Provide rename_column() with the name of the original column, and the new column name:
>>> dataset
Dataset({
features: ['sentence1', 'sentence2', 'label', 'idx'],
num_rows: 3668
})
>>> dataset = dataset.rename_column("sentence1", "sentenceA")
>>> dataset = dataset.rename_column("sentence2", "sentenceB")
>>> dataset
Dataset({
features: ['sentenceA', 'sentenceB', 'label', 'idx'],
num_rows: 3668
})
Remove
When you need to remove one or more columns, provide the column name to remove to the remove_columns() function. Remove more than one column by providing a list of column names:
>>> dataset = dataset.remove_columns("label")
>>> dataset
Dataset({
features: ['sentence1', 'sentence2', 'idx'],
num_rows: 3668
})
>>> dataset = dataset.remove_columns(["sentence1", "sentence2"])
>>> dataset
Dataset({
features: ['idx'],
num_rows: 3668
})
Conversely, select_columns() selects one or more columns to keep and removes the rest. This function takes either one or a list of column names:
>>> dataset
Dataset({
features: ['sentence1', 'sentence2', 'label', 'idx'],
num_rows: 3668
})
>>> dataset = dataset.select_columns(['sentence1', 'sentence2', 'idx'])
>>> dataset
Dataset({
features: ['sentence1', 'sentence2', 'idx'],
num_rows: 3668
})
>>> dataset = dataset.select_columns('idx')
>>> dataset
Dataset({
features: ['idx'],
num_rows: 3668
})
Cast
The cast() function transforms the feature type of one or more columns. This function accepts your new Features as its argument.
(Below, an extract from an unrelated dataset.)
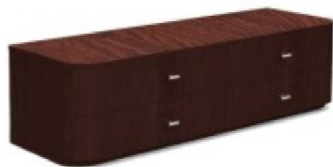
C2 komoda RTV 150/ 50/ 50H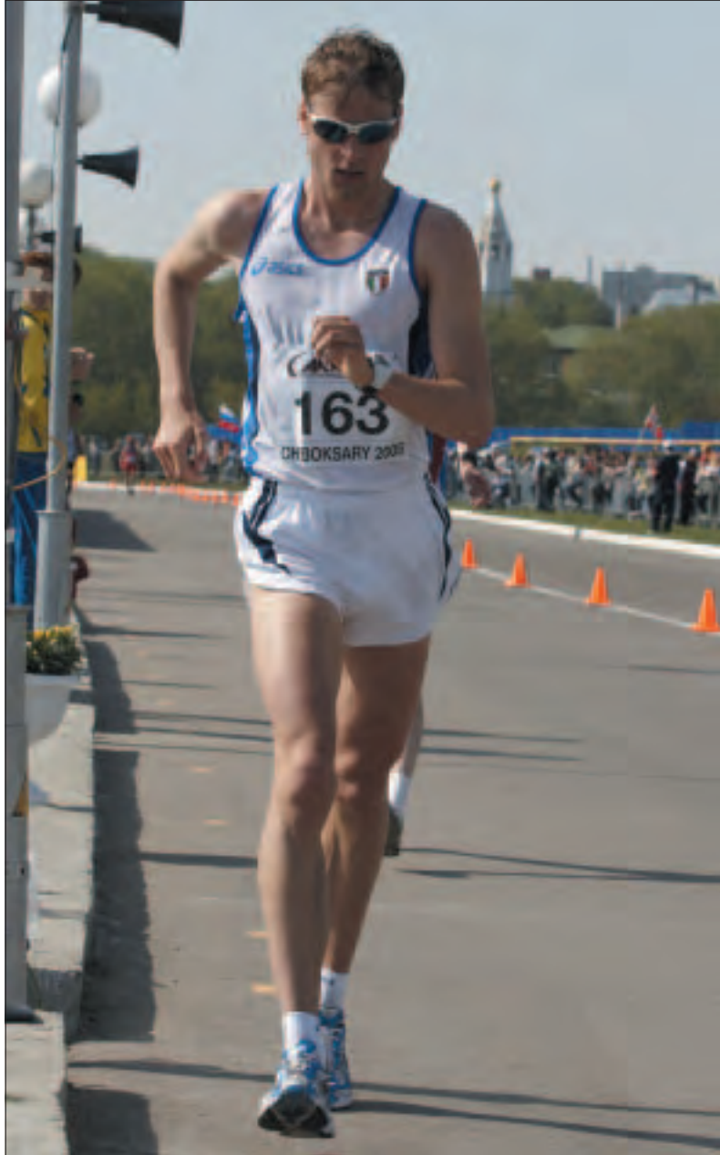
Alex Schwazer (Italy), Olympic champion 2008

The example below demonstrates how to change the ClassLabel and Value features:
>>> dataset.features
{'sentence1': Value(dtype='string', id=None),
'sentence2': Value(dtype='string', id=None),
'label': ClassLabel(names=['not_equivalent', 'equivalent'], id=None),
'idx': Value(dtype='int32', id=None)}
>>> from datasets import ClassLabel, Value
>>> new_features = dataset.features.copy()
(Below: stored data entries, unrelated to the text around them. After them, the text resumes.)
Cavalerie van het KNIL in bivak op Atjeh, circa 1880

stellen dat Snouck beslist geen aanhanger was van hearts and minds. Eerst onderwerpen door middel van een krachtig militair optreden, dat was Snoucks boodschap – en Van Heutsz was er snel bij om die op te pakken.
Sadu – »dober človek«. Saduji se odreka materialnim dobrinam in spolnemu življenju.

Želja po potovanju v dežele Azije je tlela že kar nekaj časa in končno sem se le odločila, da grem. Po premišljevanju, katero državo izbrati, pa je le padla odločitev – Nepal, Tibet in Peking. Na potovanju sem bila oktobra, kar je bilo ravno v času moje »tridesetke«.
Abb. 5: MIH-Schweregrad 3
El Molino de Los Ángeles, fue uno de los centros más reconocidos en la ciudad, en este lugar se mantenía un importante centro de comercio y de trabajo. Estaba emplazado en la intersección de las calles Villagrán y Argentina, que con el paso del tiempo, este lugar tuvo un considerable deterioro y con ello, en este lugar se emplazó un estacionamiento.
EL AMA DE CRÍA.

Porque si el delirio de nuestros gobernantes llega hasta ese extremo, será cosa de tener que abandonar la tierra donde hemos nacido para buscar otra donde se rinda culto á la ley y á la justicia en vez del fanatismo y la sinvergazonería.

>>> new_features["label"] = ClassLabel(names=["negative", "positive"])
>>> new_features["idx"] = Value("int64")
>>> dataset = dataset.cast(new_features)
>>> dataset.features
{'sentence1': Value(dtype='string', id=None),
'sentence2': Value(dtype='string', id=None),
'label': ClassLabel(names=['negative', 'positive'], id=None),
'idx': Value(dtype='int64', id=None)}
Casting only works if the original feature type and new feature type are compatible. For example, you can cast a column with the feature type Value("int32")
to Value("bool")
if the original column only contains ones and zeros.
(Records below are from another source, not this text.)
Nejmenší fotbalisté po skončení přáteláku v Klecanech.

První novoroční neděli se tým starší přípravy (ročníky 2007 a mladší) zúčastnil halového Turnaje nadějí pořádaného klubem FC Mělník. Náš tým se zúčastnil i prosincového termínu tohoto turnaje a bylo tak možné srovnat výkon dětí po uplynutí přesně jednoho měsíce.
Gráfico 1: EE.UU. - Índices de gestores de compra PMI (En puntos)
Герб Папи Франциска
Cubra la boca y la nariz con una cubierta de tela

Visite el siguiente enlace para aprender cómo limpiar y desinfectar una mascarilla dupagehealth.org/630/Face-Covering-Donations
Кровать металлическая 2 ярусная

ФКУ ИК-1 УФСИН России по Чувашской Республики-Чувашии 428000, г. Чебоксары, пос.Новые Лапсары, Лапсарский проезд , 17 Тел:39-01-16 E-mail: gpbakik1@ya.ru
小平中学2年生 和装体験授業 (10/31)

Use the cast_column() function to change the feature type of a single column. Pass the column name and its new feature type as arguments:
>>> dataset.features
{'audio': Audio(sampling_rate=44100, mono=True, id=None)}
>>> dataset = dataset.cast_column("audio", Audio(sampling_rate=16000))
>>> dataset.features
{'audio': Audio(sampling_rate=16000, mono=True, id=None)}
Flatten
Sometimes a column can be a nested structure of several types. Take a look at the nested structure below from the SQuAD dataset:
>>> from datasets import load_dataset
>>> dataset = load_dataset("squad", split="train")
>>> dataset.features
{'answers': Sequence(feature={'text': Value(dtype='string', id=None), 'answer_start': Value(dtype='int32', id=None)}, length=-1, id=None),
'context': Value(dtype='string', id=None),
'id': Value(dtype='string', id=None),
'question': Value(dtype='string', id=None),
'title': Value(dtype='string', id=None)}
The answers
field contains two subfields: text
and answer_start
. Use the flatten() function to extract the subfields into their own separate columns:
>>> flat_dataset = dataset.flatten()
>>> flat_dataset
Dataset({
features: ['id', 'title', 'context', 'question', 'answers.text', 'answers.answer_start'],
num_rows: 87599
})
Notice how the subfields are now their own independent columns: answers.text
and answers.answer_start
.
Map
Some of the more powerful applications of 🤗 Datasets come from using the map() function. The primary purpose of map() is to speed up processing functions. It allows you to apply a processing function to each example in a dataset, independently or in batches. This function can even create new rows and columns.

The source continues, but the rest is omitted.